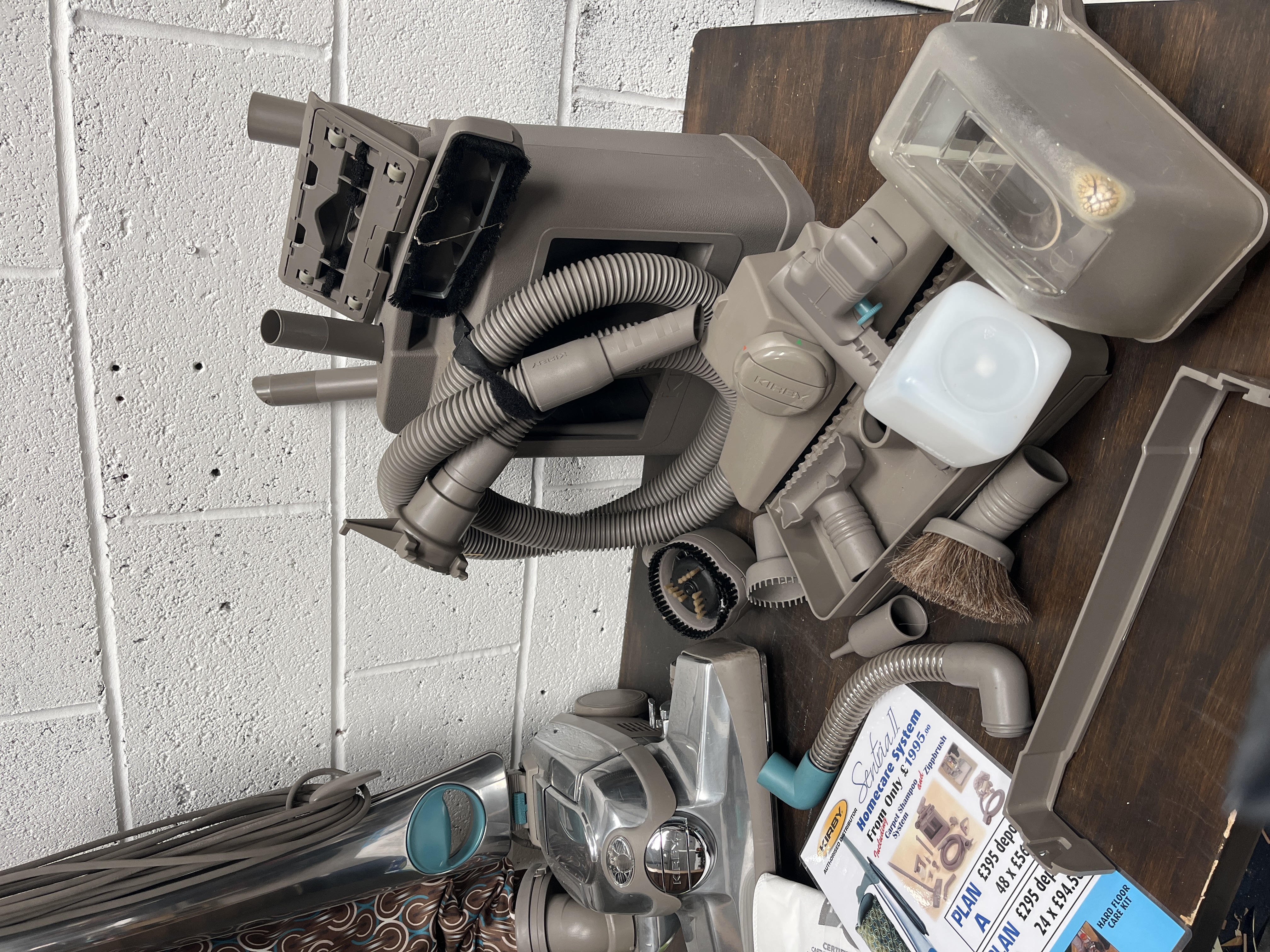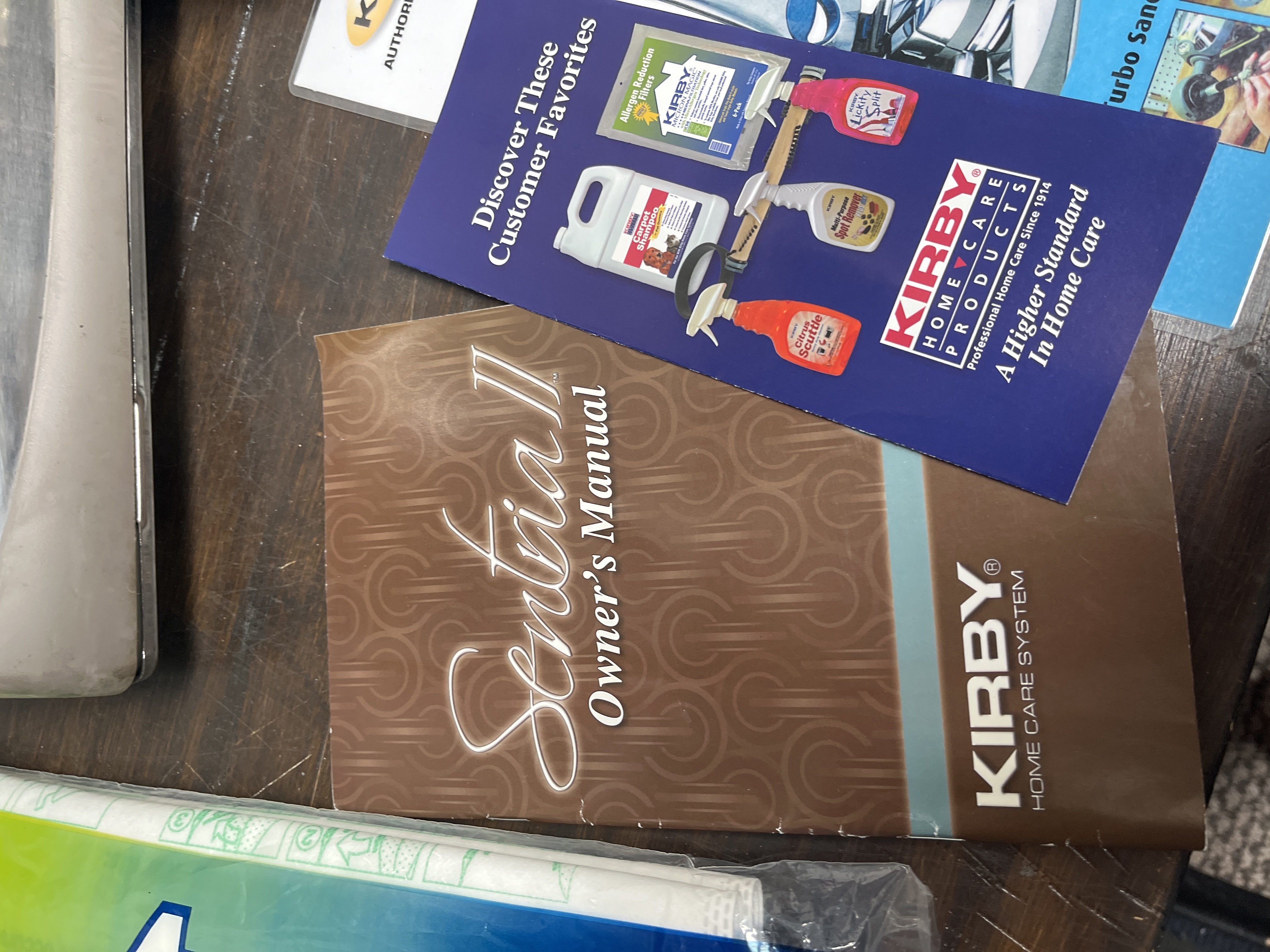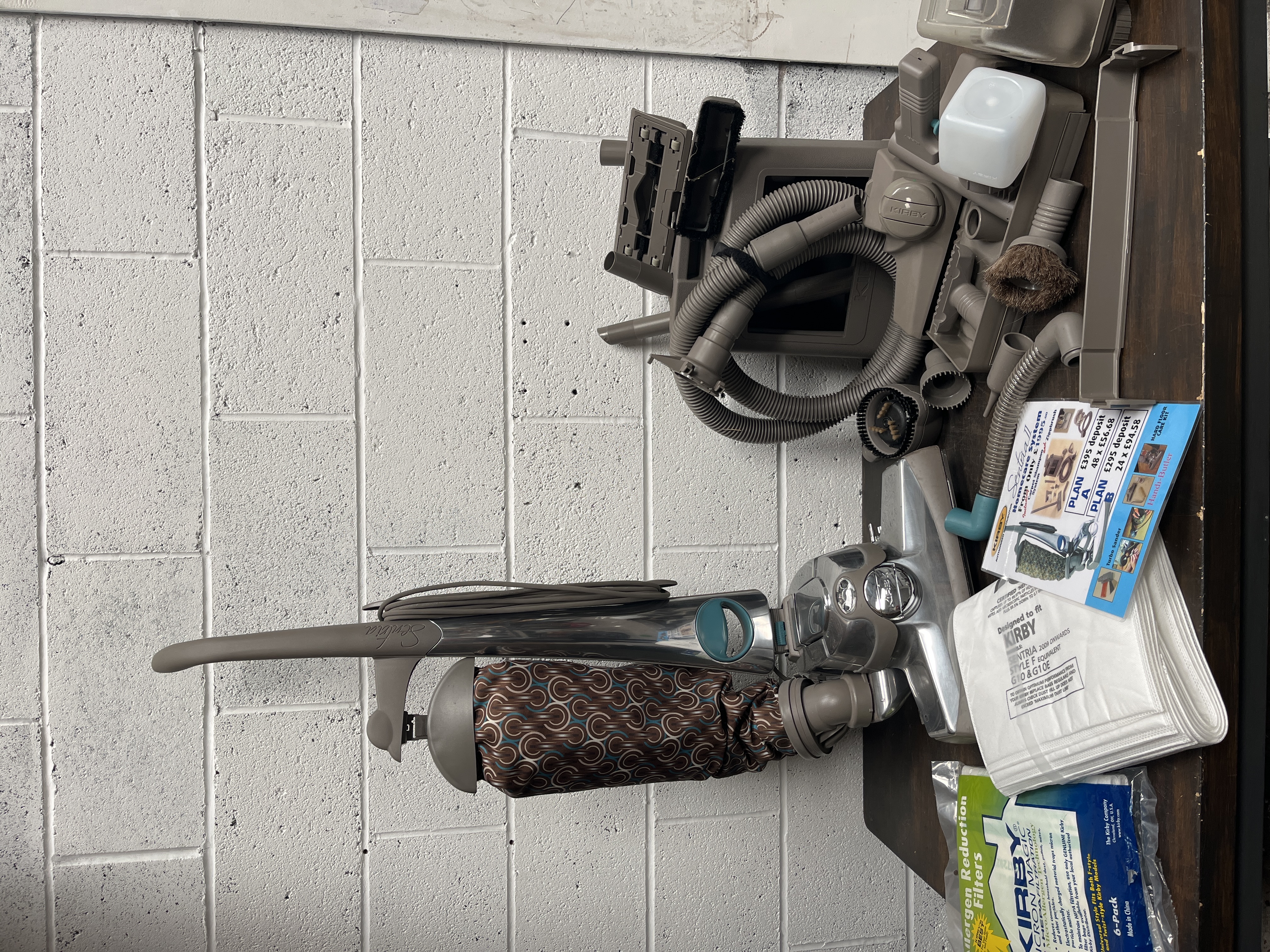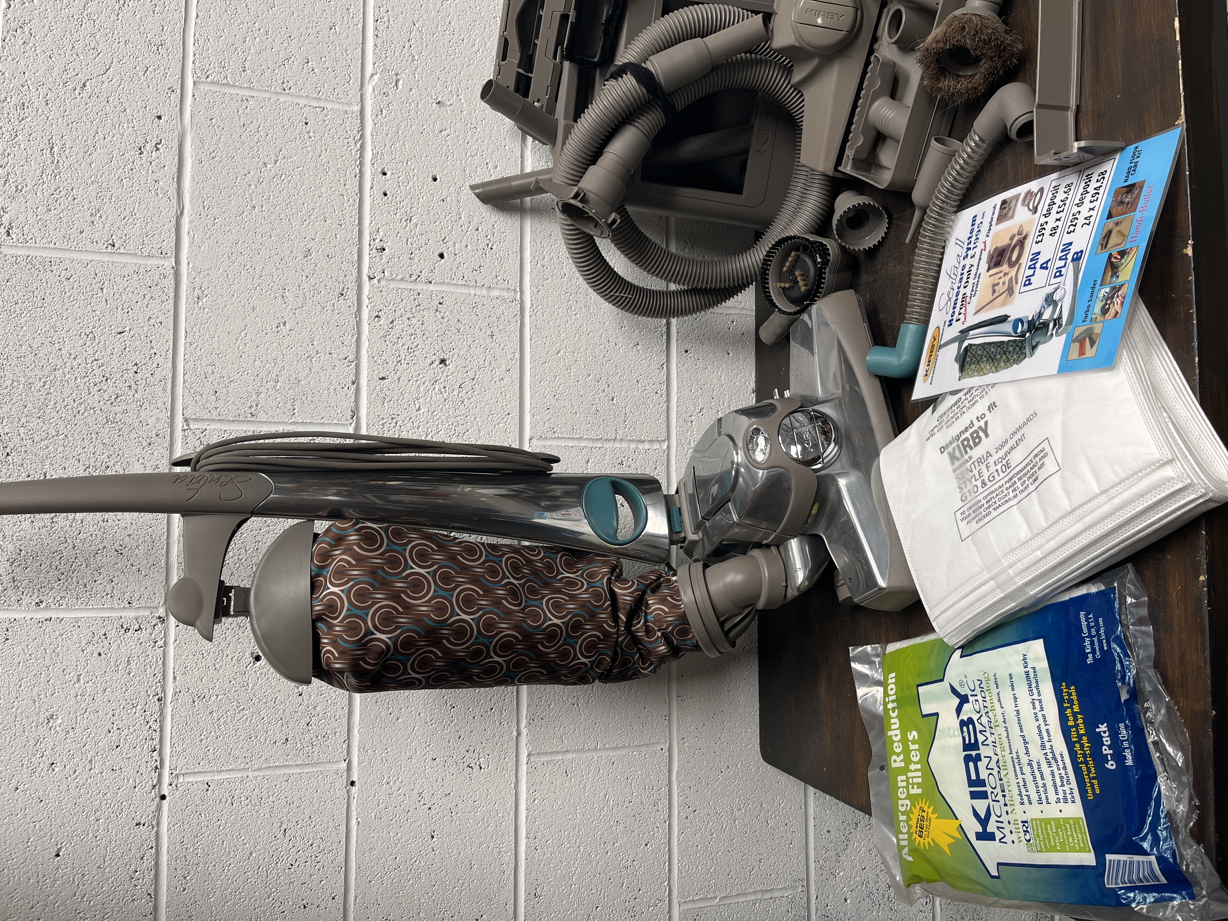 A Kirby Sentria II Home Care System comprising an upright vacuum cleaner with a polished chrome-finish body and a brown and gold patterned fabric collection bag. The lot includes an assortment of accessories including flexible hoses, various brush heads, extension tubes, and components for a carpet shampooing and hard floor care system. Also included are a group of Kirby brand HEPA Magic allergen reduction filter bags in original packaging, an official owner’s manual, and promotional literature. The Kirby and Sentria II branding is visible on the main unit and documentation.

----------------------------------------

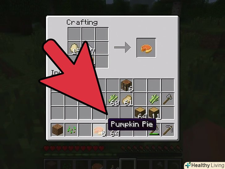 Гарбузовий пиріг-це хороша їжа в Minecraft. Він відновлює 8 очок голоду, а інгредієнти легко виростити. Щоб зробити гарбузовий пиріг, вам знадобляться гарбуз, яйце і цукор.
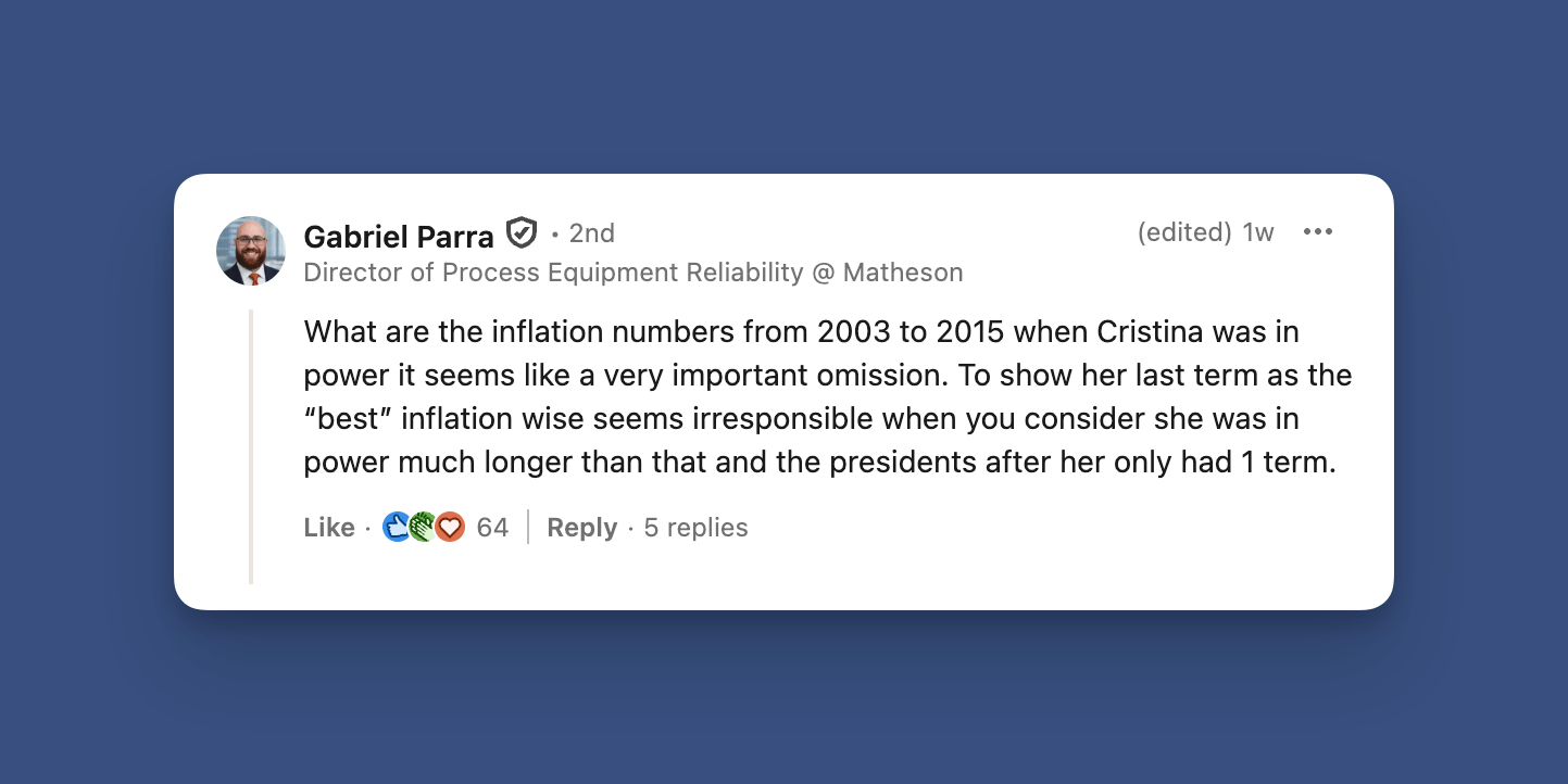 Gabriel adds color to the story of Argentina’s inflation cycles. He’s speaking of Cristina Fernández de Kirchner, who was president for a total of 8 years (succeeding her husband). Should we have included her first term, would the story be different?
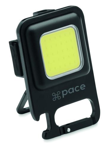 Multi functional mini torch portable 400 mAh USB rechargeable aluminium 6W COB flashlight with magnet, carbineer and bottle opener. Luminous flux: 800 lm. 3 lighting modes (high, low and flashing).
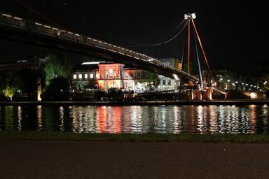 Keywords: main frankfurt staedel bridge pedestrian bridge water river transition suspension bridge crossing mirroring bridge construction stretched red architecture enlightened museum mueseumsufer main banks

----------------------------------------

YOUR GOAL – Give again the stretch of the entries above that begins at the line with "Multi functional mini" and ends at the line with "Keywords: main frankfurt", word for word, with no pictures.

EXERCISE RESULT –
 Multi functional mini torch portable 400 mAh USB rechargeable aluminium 6W COB flashlight with magnet, carbineer and bottle opener. Luminous flux: 800 lm. 3 lighting modes (high, low and flashing).
 Keywords: main frankfurt staedel bridge pedestrian bridge water river transition suspension bridge crossing mirroring bridge construction stretched red architecture enlightened museum mueseumsufer main banks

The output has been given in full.